Войска отправились в Варну. Отдаленность от Англии росла, численность войск росла, росли и непорядки в управлении. Независимые действия всех пяти ведомств военного управления, каждое из которых в Англии было подотчетно особому министру, здесь впервые привели к открытым и явным раздорам. Войска, несшие полевую службу, испытывали острую нужду во всем, в то время как гарнизон Варны пользовался всеми благами. Интендантство, действуя с большой медлительностью, мобилизовало местные перевозочные средства, но поскольку главнокомандующий не распорядился об эскортах для обозов, болгарские возчики разбежались почти сразу после того, как их удалось собрать. В Константинополе был создан центральный склад — нечто вроде главной операционной базы, но это не принесло никакой пользы, послужив лишь новым источником бесконечных затруднений, проволочек, споров о компетенции, раздоров между армией, службой артиллерийского и технического снабжения, казначейством, интендантством и военным министерством. Как только надо было что-нибудь сделать, каждый старался свалить работу со своих плеч на чужие. Уклониться от всякой ответственности, вот к чему стремился каждый. В результате — все шло плохо и ничего дельного не было предпринято. Отвращение к таким методам работы и сознание того, что армия разлагается от безделья, вероятно сыграли известную роль в решении лорда Раглана рискнуть на крымскую экспедицию.
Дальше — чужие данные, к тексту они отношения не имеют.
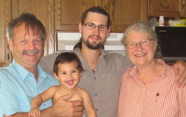 Daddy, proud Grandma and Grandpa and our little angel.
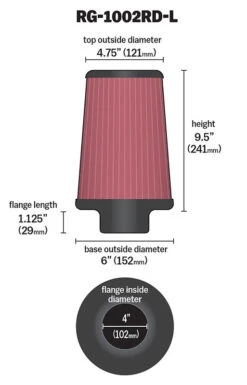 K&N High-Flow Original Universal Air Filter – 6-5/8″ B-OD, 4″ B-ID, 2-3/8″ T-OD, 5-1/4″ H

Эта экспедиция явилась венцом всей военной системы Джона Буля. Именно в Крыму эта система проявилась во всем своем блеске. Пока армия находилась по существу на мирном положении, как это было в Галлиполи, Скутари и Варне, вряд ли можно было ожидать, что беспорядок, путаница и смятение проявятся в полном масштабе. Но теперь, перед лицом неприятеля, во время настоящей осады, дело обстояло иначе. Сопротивление русских дало британским чиновникам полный простор для проявления всех их деловых качеств. И следует признать, что никогда еще усилия, направленные к разложению какой-либо армии, не были так плодотворны, как усилия этих господ. Из более чем 60000 человек, отправленных на Восток с февраля прошлого года, в настоящее время сохранили боеспособность не более 17000; из них каждый день умирает от 60 до 80 человек, а 200–250 выбывают из строя по болезни, причем из заболевших мало кто возвращается в строй. Из 43000 умерших или больных менее 7000 были выведены из строя непосредственно неприятелем!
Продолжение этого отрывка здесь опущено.